Real-World Examples#
Healthcare#
Logistic regression is widely used in healthcare for predicting patient outcomes, understanding disease progression, and optimizing treatment plans.
Predicting Disease Presence: Logistic regression can be used to predict the presence or absence of a disease based on clinical parameters and patient history. For example, it can predict the likelihood of a patient having diabetes based on features such as age, BMI, blood pressure, and glucose levels.

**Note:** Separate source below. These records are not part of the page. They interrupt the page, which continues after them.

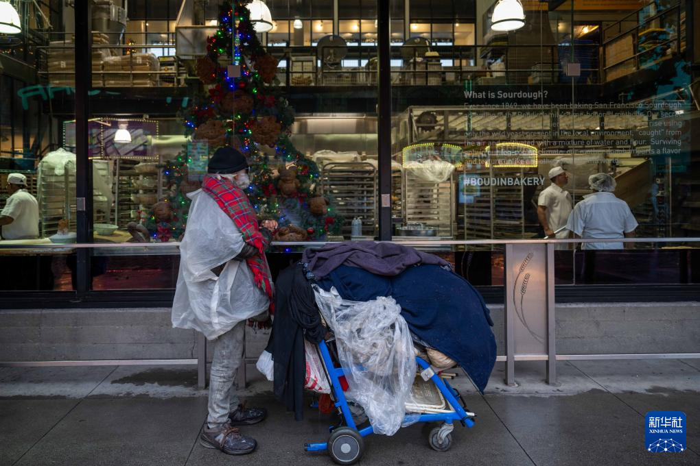 2025年12月31日,在美国加利福尼亚州旧金山,无家可归者从烘焙店外走过。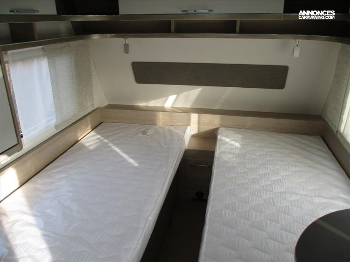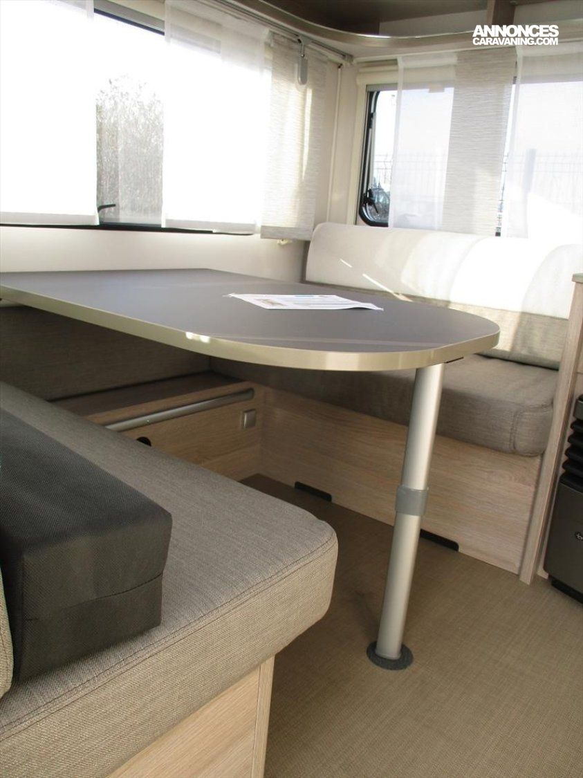Stabilisateur, Support de roue de secours dans coffre a gaz, Vérins de stabilisation, WC cassette, Porte d'entrée cellule monobloc, Sommiers a lattes, Baie double vitrage ouvrantes teintées avec store, Détecteur de fumées, Chauffage S 3004, Isoaltiondu passage de roue, Lanterneau 40 * 40, Chassis en acier galvanisé ultra-léger, Rideau de douche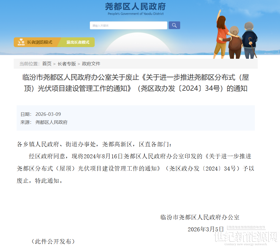 3月9日,山西临汾市尧都区人民政府办公室发布关于废止《关于进一步推进尧都区分布式(屋顶)光伏项目建设管理工作的通知》,通知表示,经区政府同意,现将2024年8月16日尧都区人民政府办公室印发的《关于进一步推进尧都区分布式(屋顶)光伏项目建设管理工作的通知》(尧区政办发〔2024〕34号)予以废止,特此通知。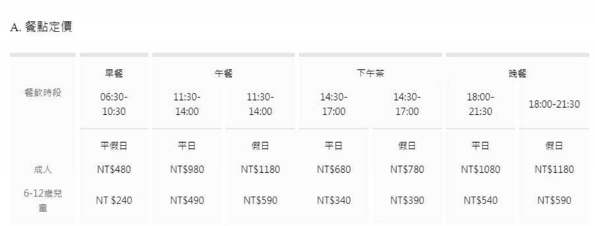 吃到飽價位如下,分成早餐、午餐、下午茶、晚餐四種類型,平日、假日不同價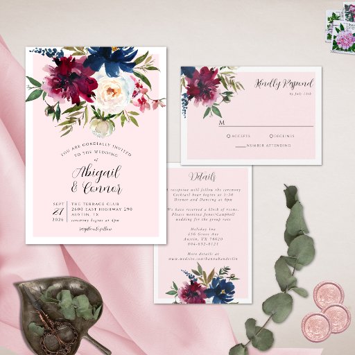 Menu Jardin enchanté Rose Blush Burgundy Navy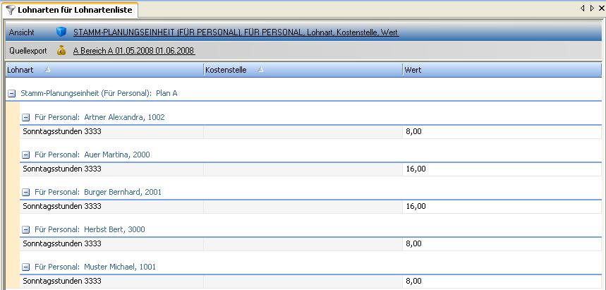 Diese Informationen, Zeitkonten und Lohnarten, können auch mittels Lohnartenliste für ausgewählte Ressourcen abgefragt werden.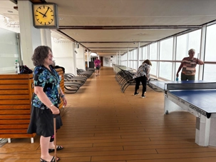 Ce matin, nous nous réveillons avec cette sensation unique que seule une journée en mer peut offrir : le Celebrity Equinox glisse paisiblement sur l’océan, et nous, bercées par le roulis doux, sentons déjà l’énergie positive de cette nouvelle journée. Le navire respire la détente, la lumière, la bonne humeur… et nous aussi. La température se refroidit, ce matin c’est dans le brouillard que nous nous sommes réveillés. En fin de matinée nous avons eu une averse de courte durée mais le vent s’est quelque peu élevé et la température continu de descendre.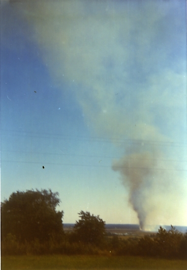 Vassen brinner i Hornborgasjön efter sjöns tömning 1950-talet.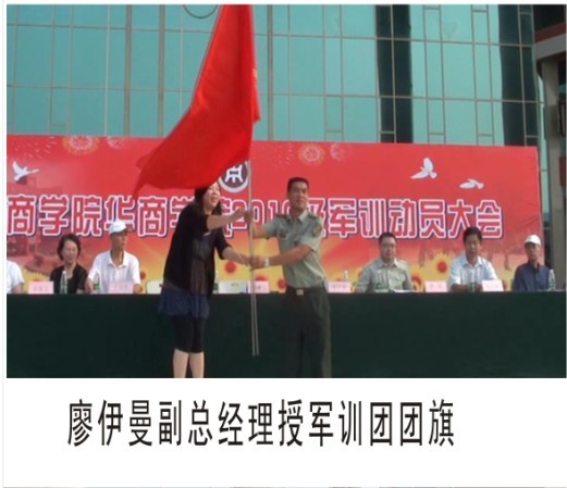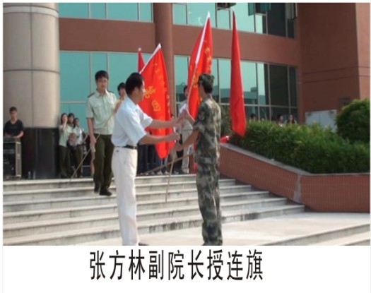 八时整,动员大会正式开始。在隆重庄严的升旗仪式后,廖伊曼副总经理向军训团授团旗,张方林副院长等向授军训团各连授连旗,本次军训团总共分为10个营20个连90个排近5000名学员。承训部队派出90多名教官负责2010级新生军事训练工作。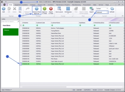 The selected credit note can now be viewed on the Sales Credit Notes listing screen where the Status has been set to New.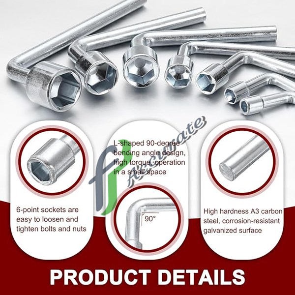 This L-shaped angled open hex 6-point socket wrench (single-ended) is made from A3 carbon steel with a nickel-plated finish, offering high hardness, wear resistance, and corrosion protection. The L-shaped design provides easy torque application and a secure grip, while the 6-point socket ensures a tight fit on fasteners. Ideal for home, auto, industrial repairs, and DIY projects, this durable wrench reaches tight spaces and provides stable, reliable performance.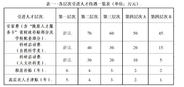 ?。ㄒ唬└鶕?jù)《蘭州工業(yè)學(xué)院高層次人才引進與管理辦法(試行)》(蘭工院〔2022〕95號),全職引進高層次人才分為四個層次,具體待遇見表一: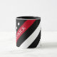 This firefighter thin red line coffee mug features a black and white American flag with black and white stars and stripes and a thin red line with a monogrammed name in white typography. Perfect gift for firemen for any occasion. Designed by world renowned artist ©Tim Coffey.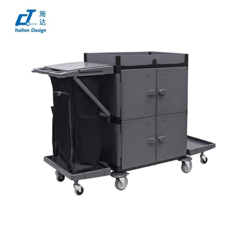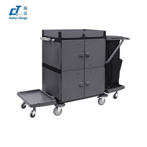 CT施达“形变”系列酒店客房服务车-前后8门,单边推手,双托盘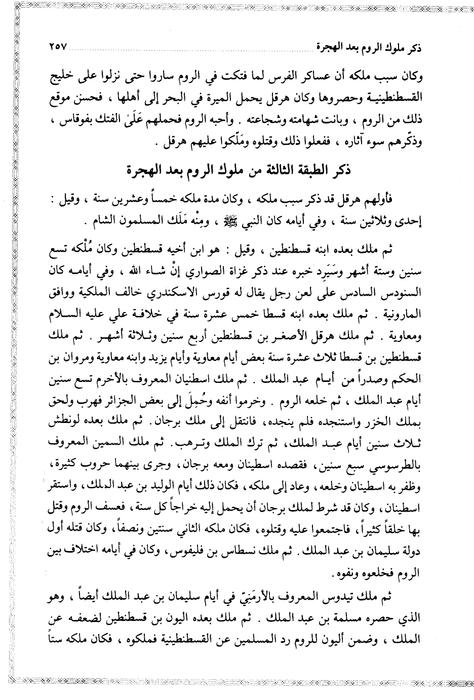 ثم ملك بعده ابنه قسطنطين وقيل هو ابن أخيه قسطنطين وكان ملكه تسع سنين وستة أشهر وسيرد خبره عند ذكر غزاة الصواري إن شاء الله وفي أيامه كان السندس السادس على لعن رجل يقال له قورس الاسكندري خالف المكية ووافق المارونية ثم ملك بعده ابنه قسطا خمس عشرة سنة في خلافة علي عليه السلام ومعاوية ثم ملك هرقل الأصغر بن قسطنطين أربع سنين وثلاثة أشهر ثم ملك قسطنطين بن قسطا ثلاث عشرة سنة بعض أيام معاوية و أيام يزيد وابنه معاوية و مروان بن الحكم وصدرا من أيام عبد الملك ثم ملك اسطنيان المعروف بالأخرم تسع سنين ايام عبد الملك ثم خلعه الروم وخرموا أنفه وحمل إلى بعض الجزائر فهرب ولحق بملك الخزر واستنجده فلم ينجده فانتقل إلى ملك برجان ثم ملك بعده لونطش ثلاث سنين أيام عبد الملك ثم ترك الملك وترهب ثم ملك السمين المعروف بالطرسوسي سبع سنين فقصده اسطينان ومعه برجان وجرى بينهما حروب كثيرة وظفر به اسطينان وخلعه وعاد إلى ملكه فكان ذلك أيام الوليد بن عبد الملك واستقر اسطينان وكان قد شرط لملك برجان أن يحمل إليه خراجا كل سنة فعسف الروم وقتل بها خلقا كثيرا فاجتمعوا عليه وقتلوه فكان ملكه الثاني سنتين ونصفا وكان قتله أول دولة سليمان بن عبد الملك ثم ملك نسطاس بن فليفوس وكان في أيامه اختلاف بين الروم فخلعوه ونفوه

Understanding Disease Progression: Logistic regression can help understand how different factors contribute to the progression of diseases such as diabetes, heart disease, and cancer. For example, it can model the relationship between lifestyle factors and the progression of diabetes.
# Predicting Disease Presence
import pandas as pd
from sklearn.model_selection import train_test_split
from sklearn.linear_model import LogisticRegression
from sklearn.metrics import accuracy_score, precision_score, recall_score, f1_score, roc_auc_score
# Load the dataset (e.g., Pima Indians Diabetes dataset)
url = "https://raw.githubusercontent.com/jbrownlee/Datasets/master/pima-indians-diabetes.data.csv"
column_names = [
"Pregnancies",
"Glucose",
"BloodPressure",
"SkinThickness",
"Insulin",
"BMI",
"DiabetesPedigreeFunction",
"Age",
"Outcome",
]
data = pd.read_csv(url, names=column_names)
# Split the dataset into features and target variable
X = data.drop("Outcome", axis=1)
y = data["Outcome"]
# Split the dataset into training and testing sets
X_train, X_test, y_train, y_test = train_test_split(X, y, test_size=0.2, random_state=42)
# Create and train the logistic regression model
model = LogisticRegression(max_iter=1000)
model.fit(X_train, y_train)
# Make predictions
y_pred = model.predict(X_test)
y_prob = model.predict_proba(X_test)[:, 1]
# Evaluate the model
accuracy = accuracy_score(y_test, y_pred)
precision = precision_score(y_test, y_pred)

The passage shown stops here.